The effects on earth could be very damaging too, what would happen we aren't
quite certain. However, you could see arcs from power lines or any long
distance wire as it would provide easy paths for electrons. This also could
affect any computers much like an EMP blast. We could be looking at a large
percentage of all electronics broken.

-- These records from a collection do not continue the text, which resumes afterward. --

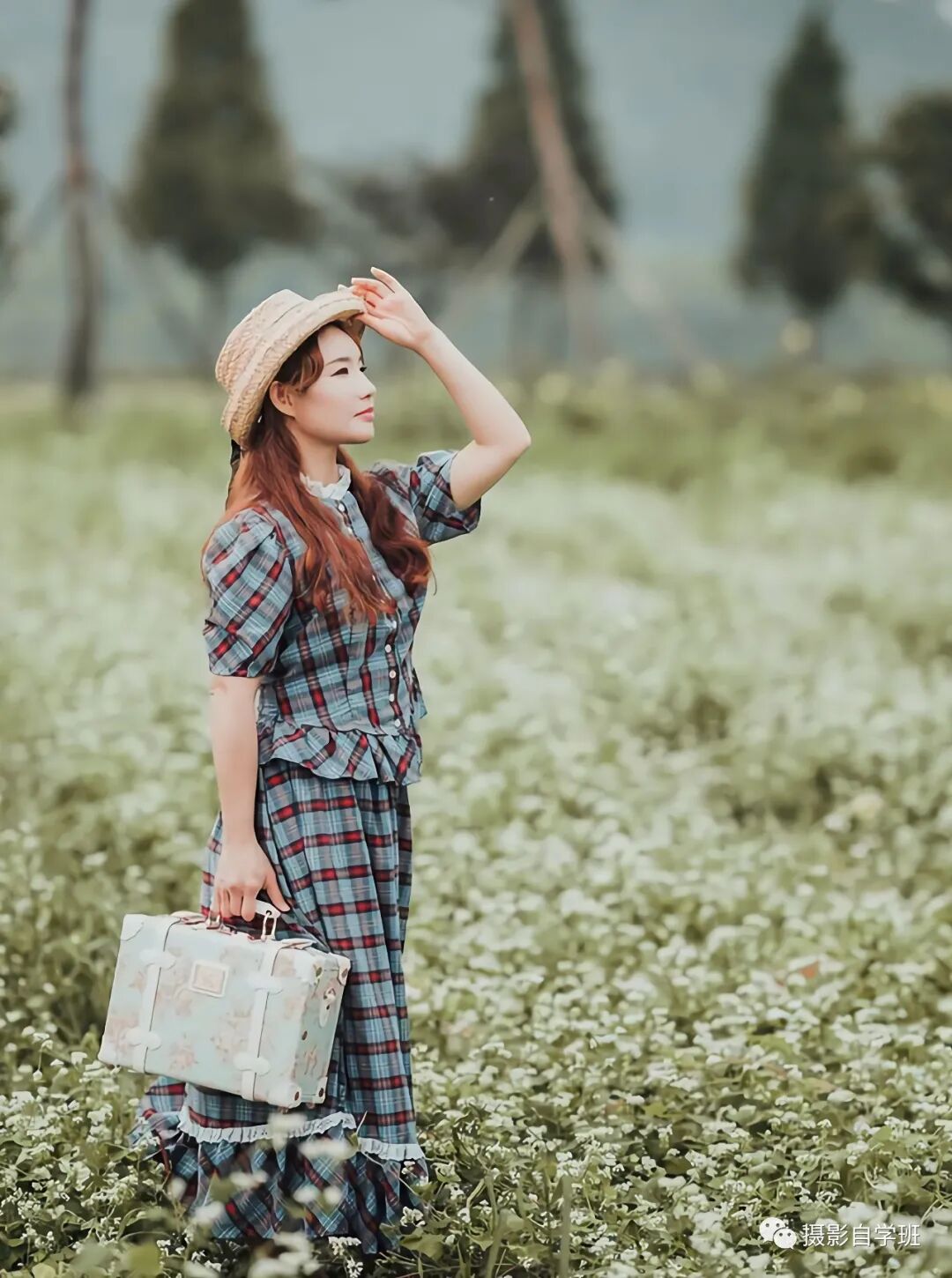 一只手扶着帽子,另一只手拎着包,看向远方,大气从容,诗和远方一个都不能少。
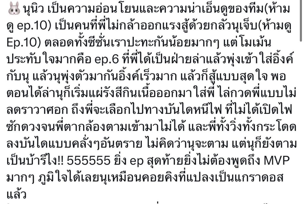 ล่าสุดทางด้าน “เต ตะวัน” หนึ่งในผู้แข่งขันรายการนี้ ก็เปิดใจบรรยายความรู้สึกต่อรายการและผู้เข้าแข่งขันรายการนี้ แต่สุดเอ็นดู ต้องยกให้ช่วงที่พูดถึง “นุนิว ชวรินทร์” ที่หนุ่ม “เต” เขียนว่า “🐰นุนิว เป็นความอ่อนโยนและความน่าเอ็นดูของทีม(ห้ามดู ep.10) เป็นคนที่พี่ไม่กล้าออกแรงสู้ด้วยกลัวนุเจ็บ(ห้ามดู Ep.10) ตลอดทั้งซีซั่นเราปะทะกันน้อยมากๆ แต่โมเม้นประทับใจมากคือ ep.6 ที่พี่ได้เป็นฝ่ายล่าแล้วพุ่งเข้าใส่อิ้งค์กับนุ แล้วนุพุ่งตัวมากันอิ้งค์เร็วมาก แล้วก็สู้แบบสุดใจ พอตอนได้ล่านุก็เริ่มแผ่รังสีกินเนื้อออกมาใส่พี่ ไล่กวดพี่แบบไม่ลดราวาศอก ถึงพี่จะเลือกไปทางบันไดหนีไฟ ที่ไม่ได้เปิดไฟซักดวงจนพี่ตากล้องตามเข้ามาไม่ได้ และพี่ทั้งวิ่งทั้งกระโดดลงบันไดแบบคลั่งๆอันตราย ไม่คิดว่านุจะตาม แต่นุก็ยังตาม เป็นบ้ารึไง!! 555555 ยิ่ง ep สุดท้ายยิ่งไม่ต้องพูดถึง MVP มากๆ ภูมิใจได้เลยนุเหมือนคอยคิงที่แปลงเป็นแกราดอสแล้ว”
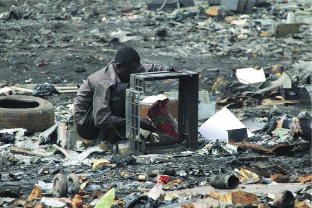 在运送到非洲之前,欧美国家早已做了可回收预处理,简而言之就是把最值钱的配件拿走,剩下的不是塑料废铁就是含有对身体有害物质的电子配件。科学家统计每年有21万吨的电子垃圾在加纳焚烧填埋,但是只有3%的电子垃圾具有回收价值。
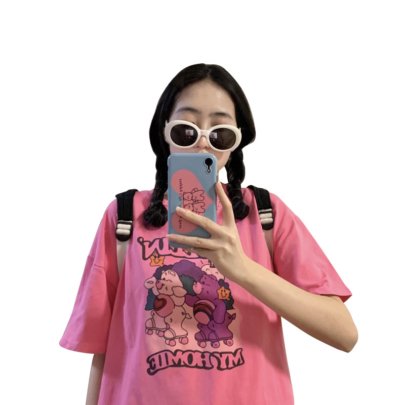 Kumiko Hara summer sweet rose pink TEE~Korean vitality girl fun cartoon printed short-sleeved T-shirt
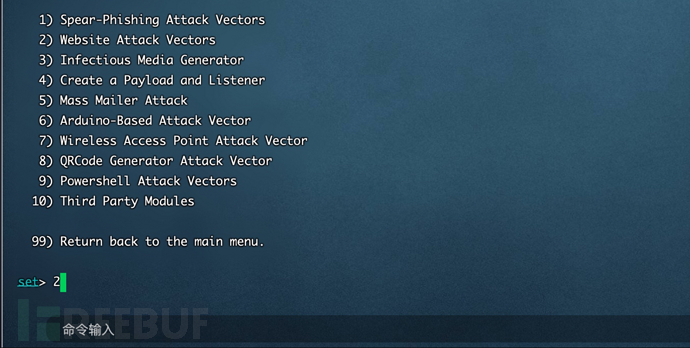 接下来选择第二项Website Attack Vectors (网站攻击载体)
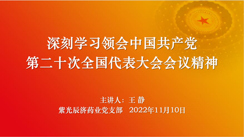 肖红星书记在总结讲话中强调用“九个深刻”理解吃透党的二十大会议精神,同时指出:公司发展的蓝图已经绘就,百年基业风华正茂,百年初心历久弥新。紫光辰济人要继续恪守早日成为知名医药企业的奋斗目标,以态度决定一切、细节决定成败的企业理念,奉行辰光泽惠,济世康民,德润天下,关爱生命的企业宗旨,用不伟大,少传奇,真心奉献,用心耕耘的企业态度,在实际工作中遵循一个信条,两个兼顾,三个不谈,四个不放过,五个坚持,六个牢记的工作原则,发扬辰济人披荆斩棘,不畏艰难,团结协作,奋勇拼搏的实干精神,全面学习把握落实党的二十大精神,在企业第二个百年征程上满怀豪情,信心百倍,凝聚起全体员工的智慧和力量,激发出无限的创造活力和发展动力,不断夺取新的胜利,收获新的成功。
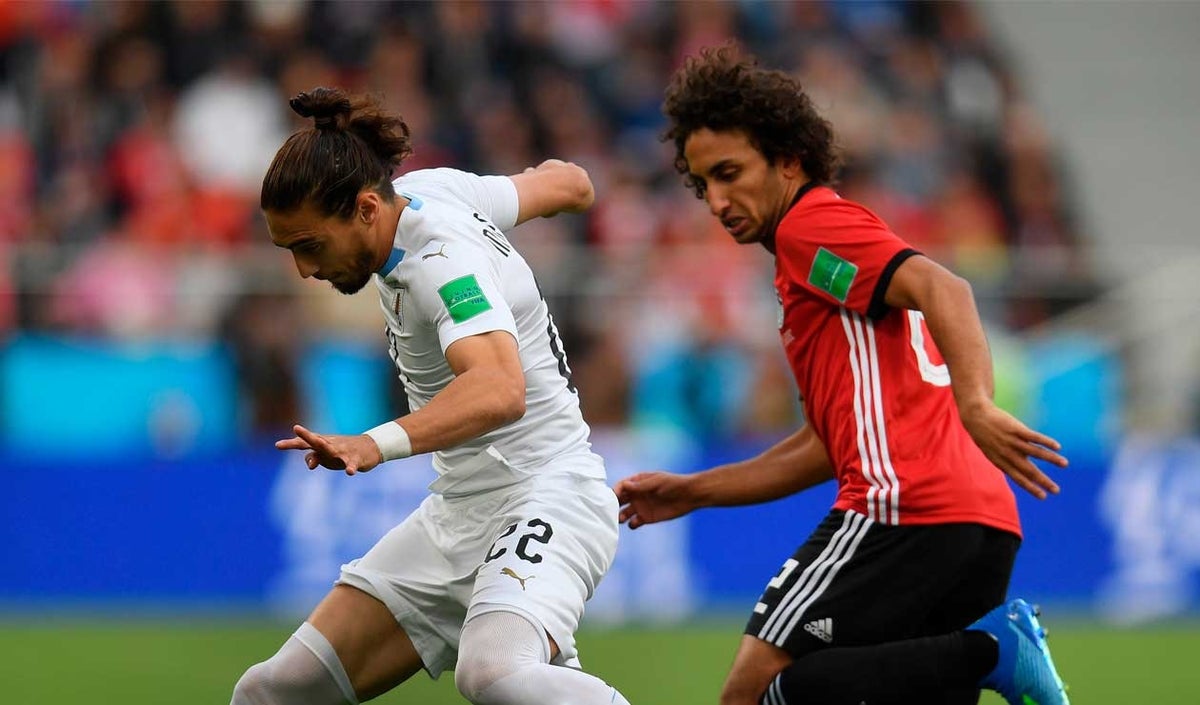 Martín Cáceres, de Uruguay, defendiendo el balón ante un jugador de Egipto Crédito: AFP
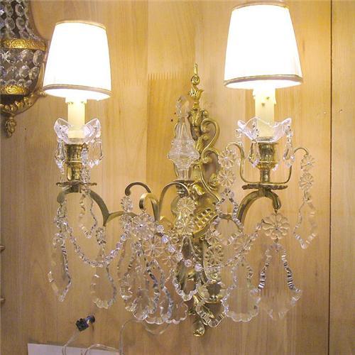 <tr><td>Title:French bronze and Crystal wall sconces </td></tr>
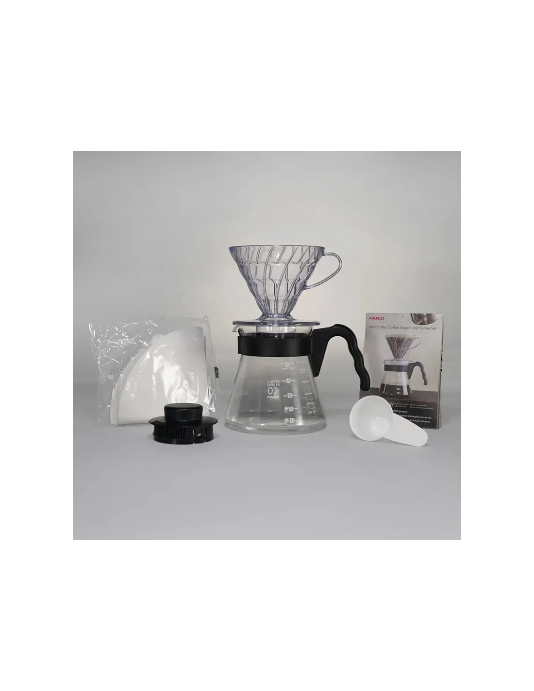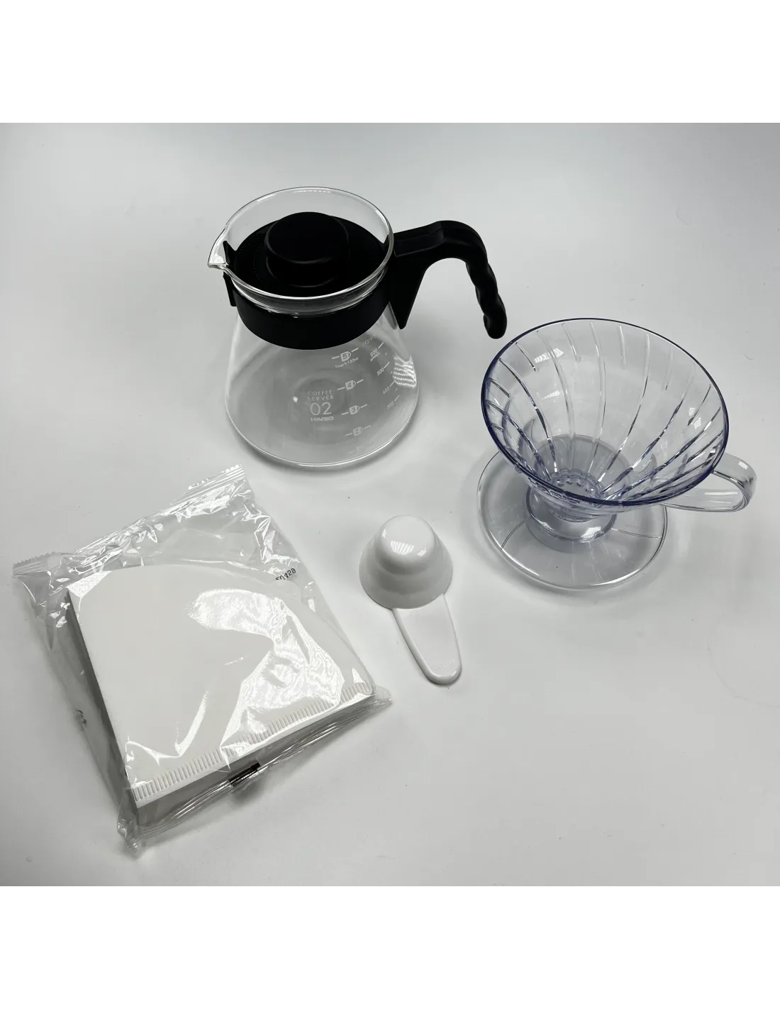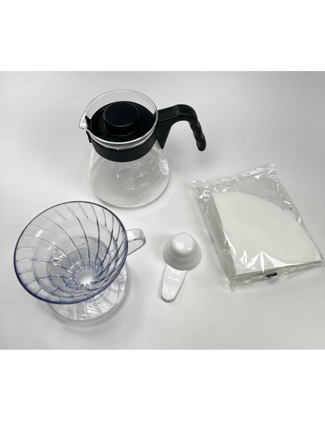 Setul conține un dripper din plastic Hario V60-02 pentru prepararea a 1-4 cești, un server din sticlă de 600 ml cu mâner și capac din plastic, 40 de filtre de hârtie albe și o linguriță de măsurare a cafelei din plastic. Pur și simplu, totul este reunit într-o calitate superioară Hario.
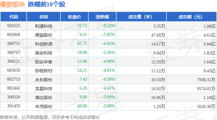 橡胶板块市场表现 - 11月21日橡胶板块整体下跌3.31%,表现弱于大盘,当日上证指数下跌2.45%,深证成指下跌3.41% [1] - 板块内个股普跌,领跌个股为利通科技(下跌13.94%)和远翔新材(下跌11.41%) [2] - 板块内唯一上涨个股为彤程新材,涨幅2.81% [1] 个股价格与交易情况 - 彤程新材收盘价42.87元,成交额20.27亿元,成交量47.02万手 [1] - 利通科技收盘价35.20元,成交额2.39亿元,成交量6.56万手 [2] - 科创新源成交额6.28亿元,为披露个股中最高 [2] 板块资金流向 - 橡胶板块整体主力资金净流出1492.91万元,游资资金净流入1.66亿元,散户资金净流出1.51亿元 [2] - 科创新源获得主力资金净流入4157.67万元,主力净占比6.62%,同时获得游资净流入8572.66万元 [3] - 龙星科技获得主力资金净流入3152.86万元,主力净占比高达25.92% [3] - 彤程新材虽股价上涨,但游资净流出5198.32万元 [3]

So we might suddenly have large areas,
with no power, no electronics, and no communication.

After spending lots of time learning about the science behind these storms, to
me this is the stuff of nightmare fuel.

[0]:
[https://en.wikipedia.org/wiki/Wide_Area_Augmentation_System](https://en.wikipedia.org/wiki/Wide_Area_Augmentation_System)

[1]:
[https://en.wikipedia.org/wiki/Solar_storm_of_1859](https://en.wikipedia.org/wiki/Solar_storm_of_1859)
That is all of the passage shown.